Шрифт:
Закладка:
Этот выговор, сделанный самому себе, помог Мартину извлечь огонь из третьей спички, и он зажег свечку. Комната осветилась. Он присел к столу и нетерпеливо придвинул к себе старинную китайскую вазу. По-видимому, до нее давно никто не дотрагивался, она была вся покрыта слоем пыли. Мартин заглянул внутрь и увидел целую россыпь золотых монет. Они ярко блеснули при свете свечи. Не веря своим глазам, Мартин поднес вазу к самой свечке, не это действительно были золотые монеты, а между ними виднелись исписанные листки бумаги.
– Странная находка, – сказал он себе и недоуменно посмотрел на вазу. – Каким образом попали сюда деньги? Может быть, в этих бумажках есть какое-нибудь пояснение?
Мартин взял листок, лежавший сверху, приблизил его к огню и с трудом разобрал слова:
XIX. ЗАВЕЩАНИЕ СТАРОЙ УРСУЛЫ
Прочитав этот заголовок, он невольно вздрогнул и оглянулся.
– Гм, завещание, – задумчиво повторил он, рассматривая листок бумаги с неровными строчками, выведенными неверной дрожащей рукой, – старуха не очень-то надежно спрятала свои сокровища; хотя она вряд ли предполагала, что умрет так внезапно и такой страшной смертью.
Мартин положил листок на стол и начал выкладывать на него монеты.

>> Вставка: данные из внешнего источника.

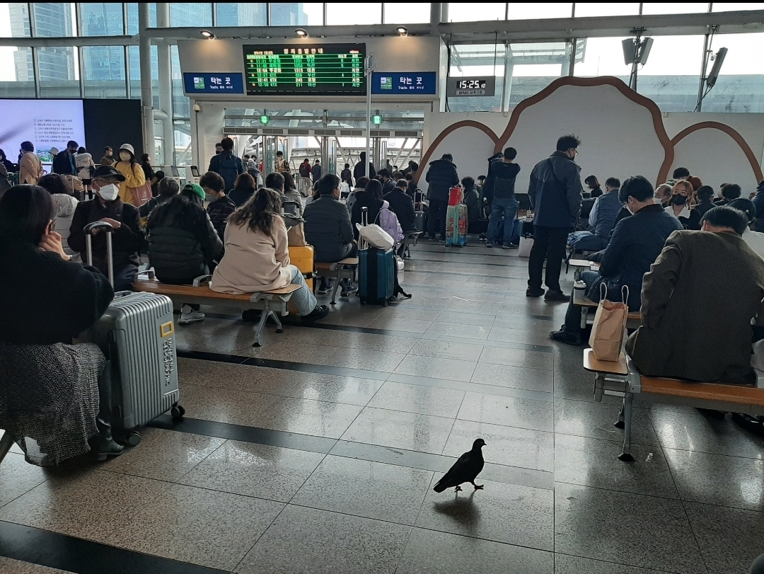 한 가지 엄청 열받는 게, 코레일은 오후 느지막이 될 때까지 지연문자를 안 보냈습니다. 코레일 앱에도 지연표시가 안 떴고. 그래서 예약한 사람들은 조정된 출발지와 출발시간을 고지하는 안내문자메시지만 믿고, 그 시간까지 오면 탈 수 있을 줄 아니 역으로 계속 몰려들었죠. 그래서 역 맞이방이 장사진.. 막상 역에 들어오니 구내방송으로, "열차가 지연중이니 바쁘신 분들은 버스나 다른 교통편을 이용하세요"라니.. 저희가 탈 열차는 그때 이미 몇 시간 연발 확정. 그럼 그 내용을 문자를 날리라고!!
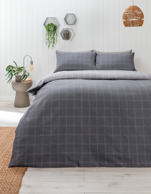 Grey Tramline Brushed Cotton Reversible Duvet Set Home George At Asda
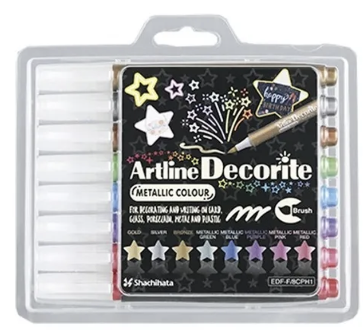 Marcadores Artline Decorite metálicos en 8 colores, ideales para escribir y decorar sobre cartulina, vidrio, porcelana, metal y plástico. Su tinta de alta densidad ofrece un acabado vibrante incluso en papeles oscuros y permite aplicar capas una vez seca. Funcionan en prácticamente cualquier superficie y son perfectos para proyectos creativos en múltiples materiales. En superficies no porosas, como plástico o vidrio, pueden borrarse en húmedo de forma sencilla y repetida.

Их оказалось около сотни. Под ними, на самом дне вазы, лежал еще один лист бумаги, сложенный вчетверо и исписанный той же дрожащей рукой. Должно быть, немало времени понадобилось старой Урсуле, чтобы составить свое завещание. Судя по различному почерку, можно было полагать, что она часто прерывала свое писание и затем через некоторое время вновь продолжала его. Однако, несмотря на разницу во времени, завещание было составлено хотя и по-своему, но весьма разумно.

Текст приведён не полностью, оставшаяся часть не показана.